Problem
Only an exact repetition is needed: the lines from the start of the listing below through the line that contains "New York Yankee", pictures omitted.

Supplied data
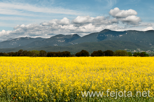 Catalunya Girona Seriny amarillo cielo colza cultivo montaña nubes paisaje rural
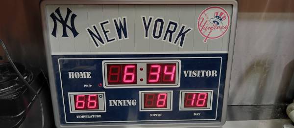 New York Yankee digital clock with temperature and calendar 15 in by 25 in clock
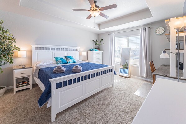 The primary bedroom is the perfect spot for working remotely, or not, with a large desk and an additional charging station. It also has speakers that can be hooked in to your phone or laptop. The mattress is a Hybrid, medium-firm. In the spacious primary bath you will find double sinks and a walk in shower as well as a tub/shower combination in the hallway bath.
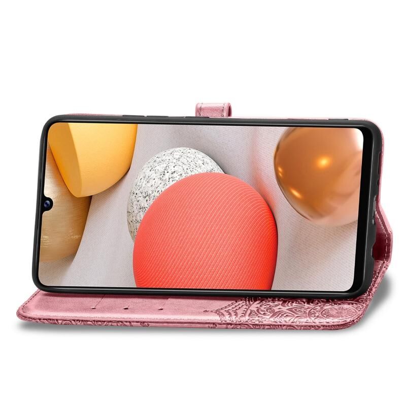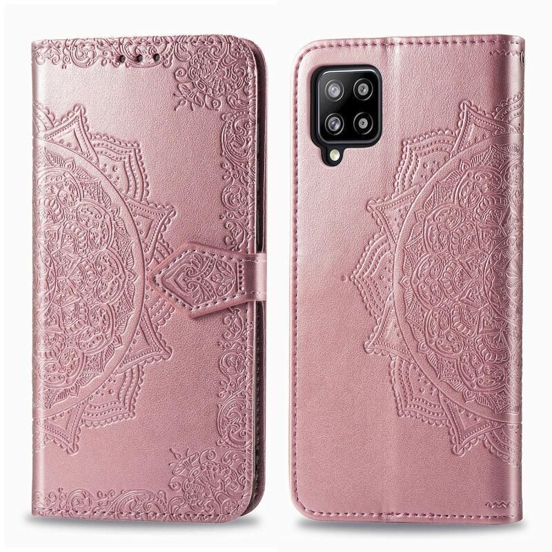Θήκη βιβρίου από δέρμα με οριζόντιο άνοιγμα για Galaxy A42 5G, με ανάγλυφο σχέδιο Mandala, βάση στήριξης / υποδοχή κάρτας / πορτοφόλι / κορδόνι (Χρυσό Ρόδι)
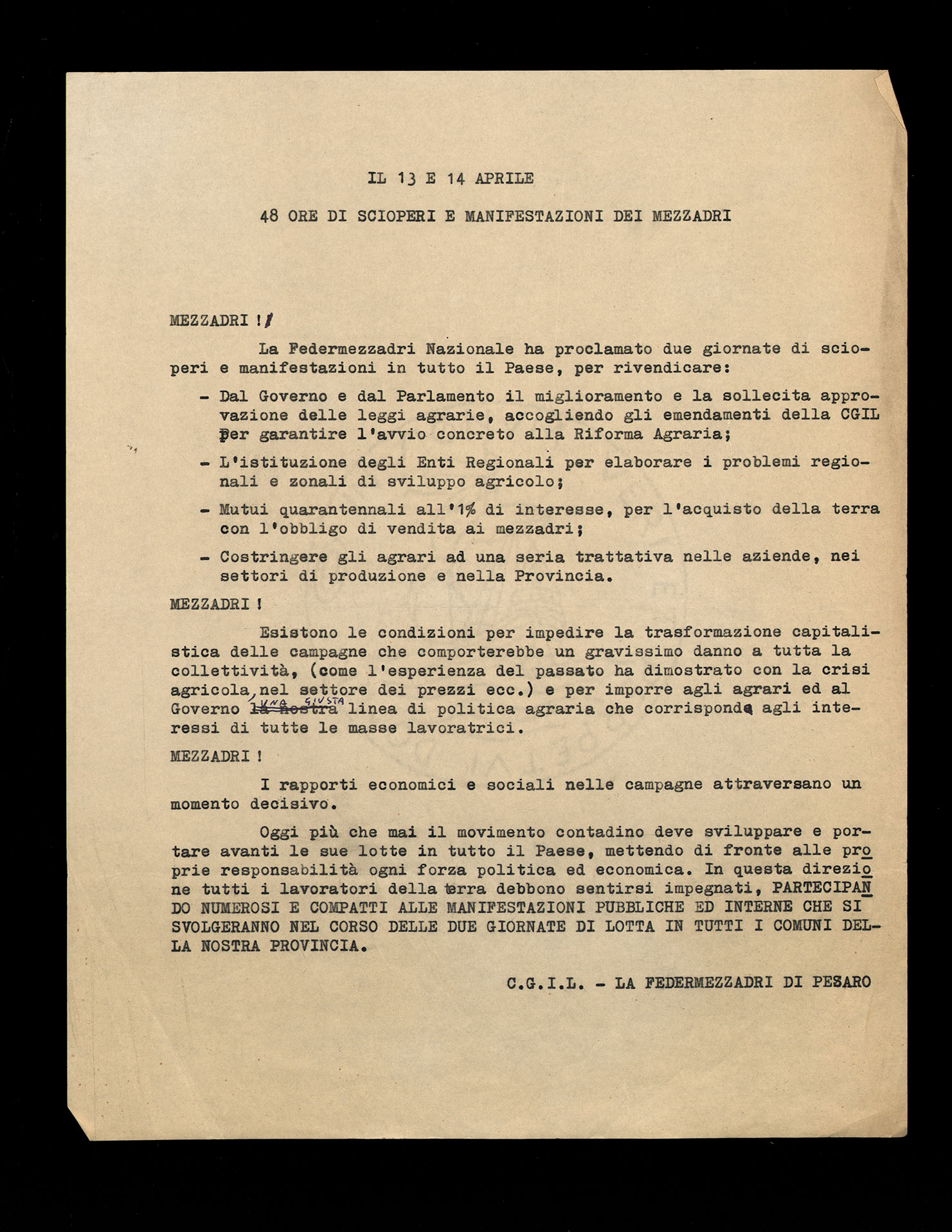 Volantino ciclostilato della Federmezzadri di Pesaro per lo sciopero di 48 ore del 13 e 14 aprile.
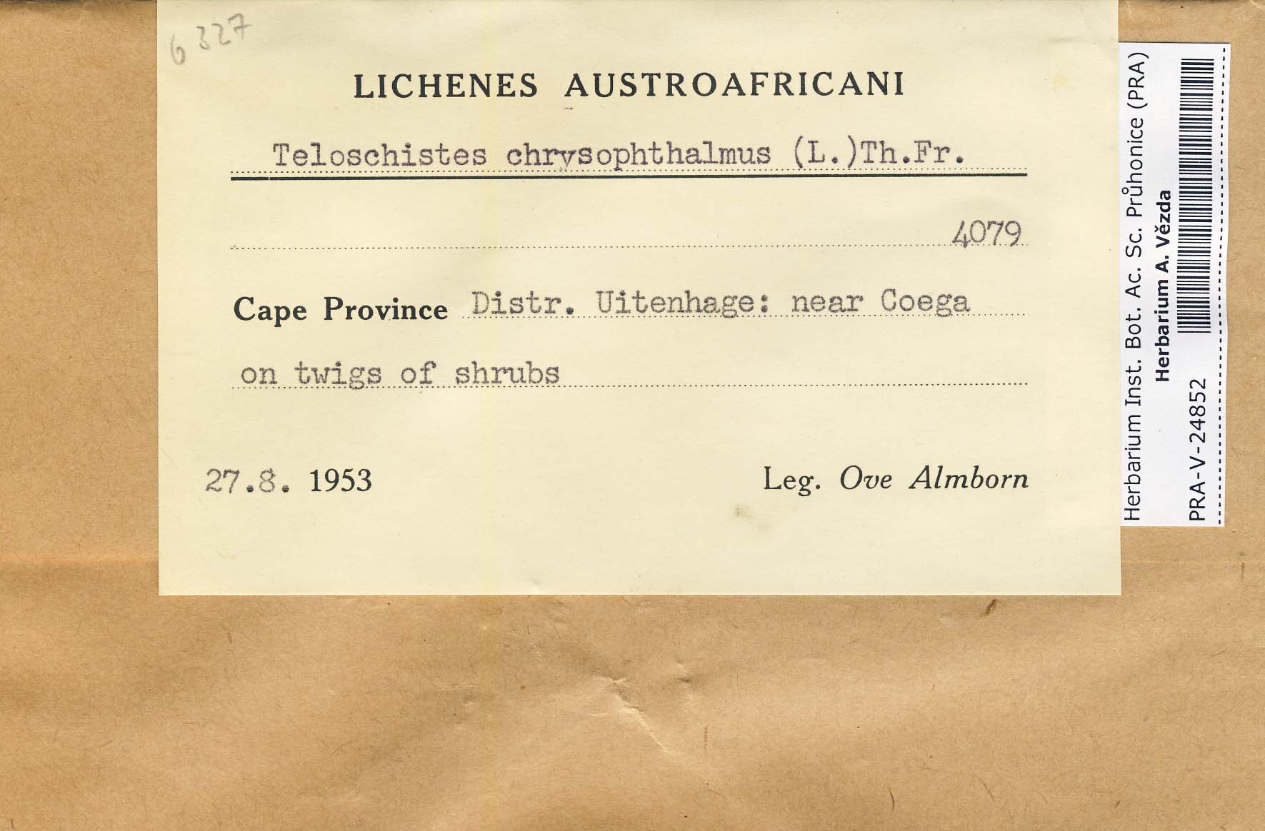 - Deposited in parcel no. 39 Teloschistes, Xanthopeltis, Xantoschistes

Your response
 Catalunya Girona Seriny amarillo cielo colza cultivo montaña nubes paisaje rural
 New York Yankee digital clock with temperature and calendar 15 in by 25 in clock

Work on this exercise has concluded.